There are now many involved dental and surgical treatments available, some of which require specialist-level instrumentation and expertise. General practitioners should be able to competently perform the following immediately upon graduation from veterinary school:

  • For patients for whom the owner’s reason for the veterinary visit is not dental, oral, or maxillofacial disease, obtain a brief (1 or 2 questions) history of the oral health of the patient.

  • On lifting the lip of every patient, recognize presence or absence of accumulated dental plaque or calculus on the crowns of the teeth, presence or absence of gingival inflammation or ulceration, and presence or absence of other dental, oral, and maxillofacial pathology.

  • On anesthetized patients that have dental, oral, and maxillofacial pathology for which professional treatment is indicated, be able to obtain and interpret appropriately positioned and exposed dental radiographs.

  • When the presence of dental, oral, and maxillofacial pathology is recognized, determine whether each tooth present in the mouth does or does not require professional treatment beyond dental subgingival and supragingival scaling and polishing.

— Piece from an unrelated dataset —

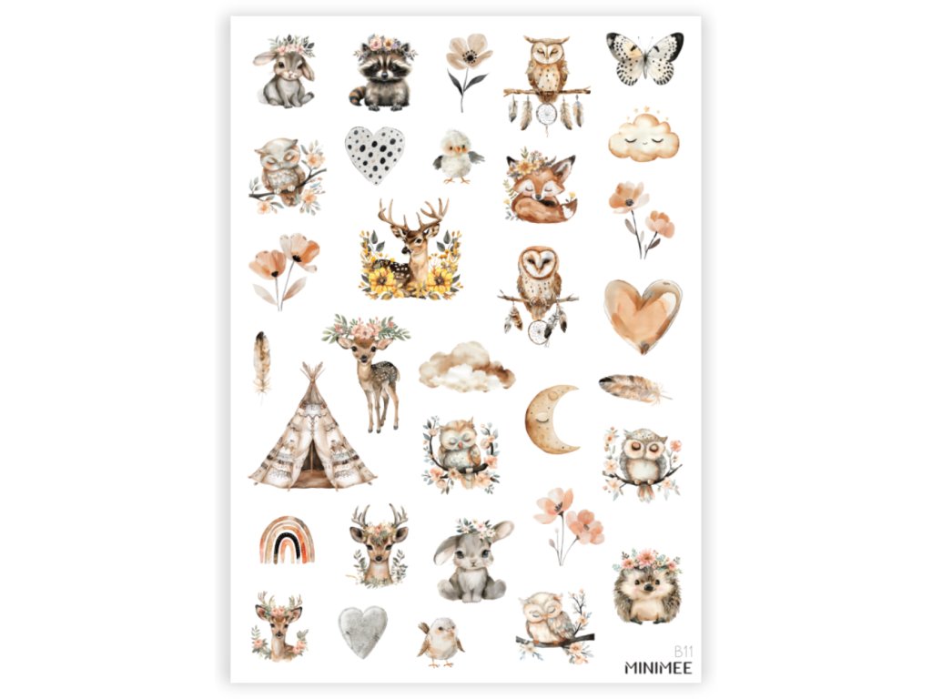 Krásné vyřezávané samolepky v aršíku A5 s boho zvířátky a boho prvky z lesa. Perfektně se hodí k papíru zápisníku MINIMEE. Kvalitní bílá samolepka matného, přírodního vzhledu.

  • List the indications for tooth extraction, know indications for potential oral/dental treatments beyond subgingival and supragingival scaling and polishing or extraction, and determine whether the professional treatment that may be indicated, such as root canal treatment or mass resection of oral tissues, requires referral for specialist-level expertise and instrumentation.

  • Complete a thorough periodontal evaluation and therapy with periodontal probing, including professional subgingival and supragingival ultrasonic scaling with polishing under anesthesia.

  • Demonstrate the ability to extract teeth indicated for extraction, using gentle and appropriate techniques that will risk minimal injury to the jaws and oral soft tissues and reduce postoperative patient pain.

  • Provide appropriate postoperative care, including recognition of when postoperative analgesia and possibly antibiotic administration are indicated.